- EXERCISE DATA -
========

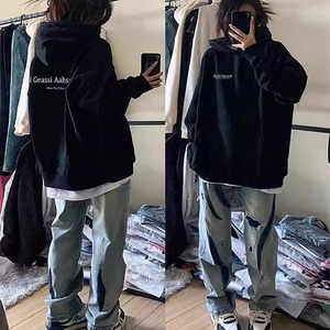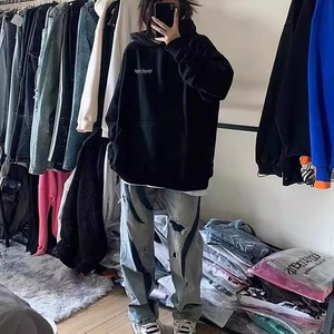 复古高街加绒连帽卫衣女秋2025新款宽松慵懒风潮牌外套oversize
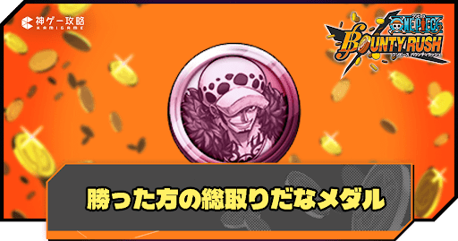 ワンピースバウンティラッシュの「勝った方の総取りだなメダル」について紹介。生成キャラや追加特性を始めとした基本情報に加え、勝った方の総取りだなメダルと相性の良いメダル編成や装備キャラについても解説しているので、勝った方の総取りだなメダルを強化する際の参考にどうぞ。
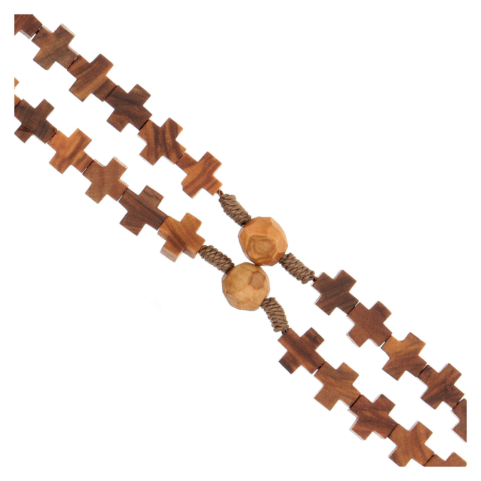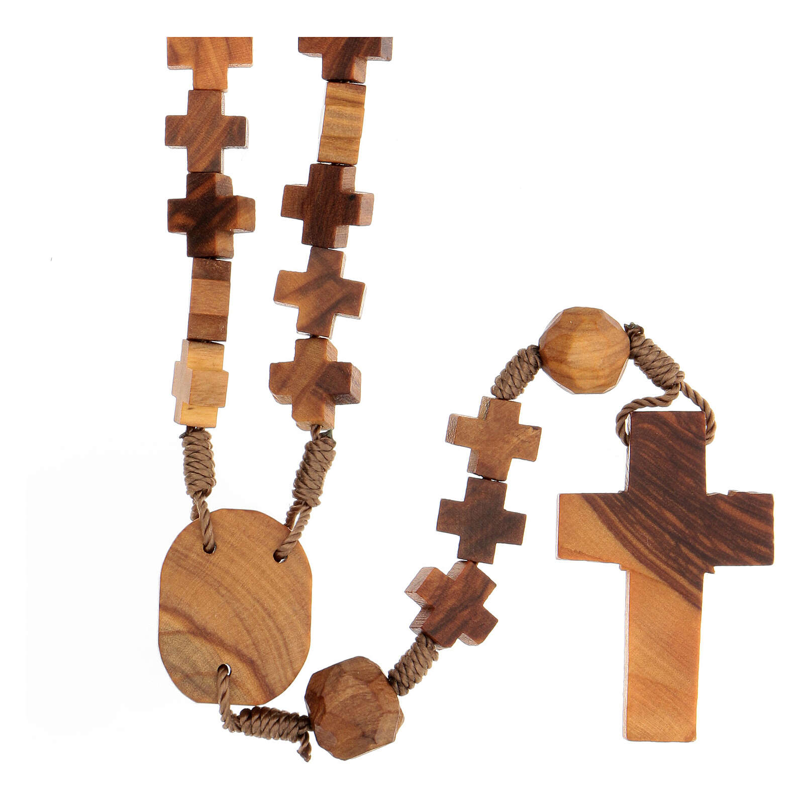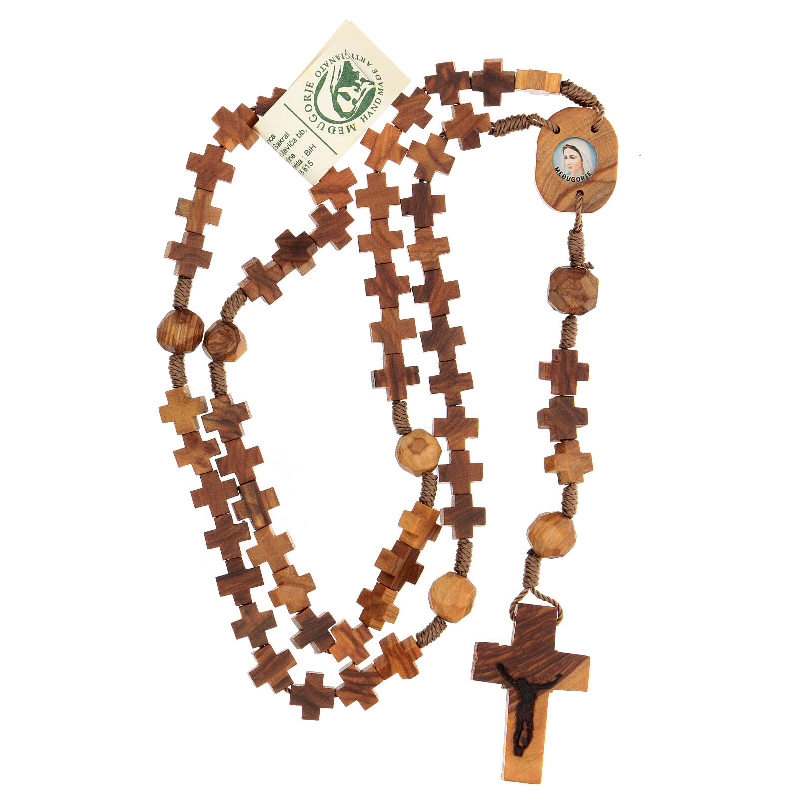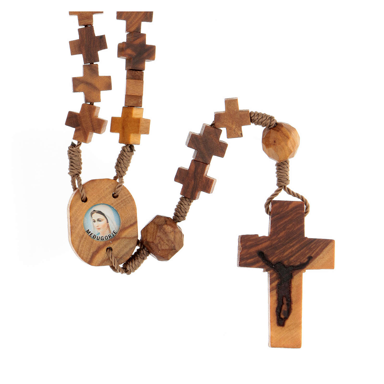 Rosario de cuerda marrón con granos de madera de olivo en forma de cruz de 1x1 cm, cruce de madera con la Virgen de Medjugorje y cruz de madera con la imagen incisa de Jesús.Rosario que se puede llevar de 60 cm de circunferencia realizado a mano por los artesanos de Medjugorje, por eso casa pieza es única y original.
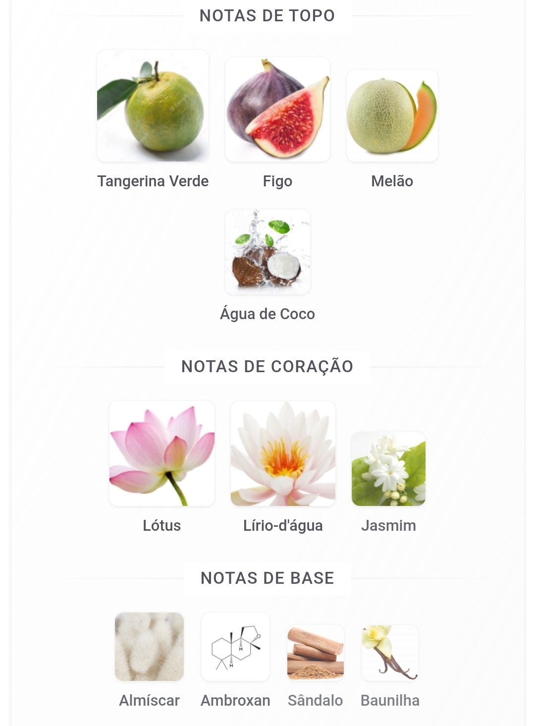 As notas de topo são: Tangerina Verde, Figo, Melão e Água de Coco. As notas de coração são: Lótus, Lírio-d'água e Jasmim. As notas de fundo são: Almíscar, Ambroxan, Sândalo e Baunilha.

========

Print exactly, and only, the lines from the one with "Rosario de cuerda" through the last line of the listing above. No pictures belong in the copy.

 Rosario de cuerda marrón con granos de madera de olivo en forma de cruz de 1x1 cm, cruce de madera con la Virgen de Medjugorje y cruz de madera con la imagen incisa de Jesús.Rosario que se puede llevar de 60 cm de circunferencia realizado a mano por los artesanos de Medjugorje, por eso casa pieza es única y original.
 As notas de topo são: Tangerina Verde, Figo, Melão e Água de Coco. As notas de coração são: Lótus, Lírio-d'água e Jasmim. As notas de fundo são: Almíscar, Ambroxan, Sândalo e Baunilha.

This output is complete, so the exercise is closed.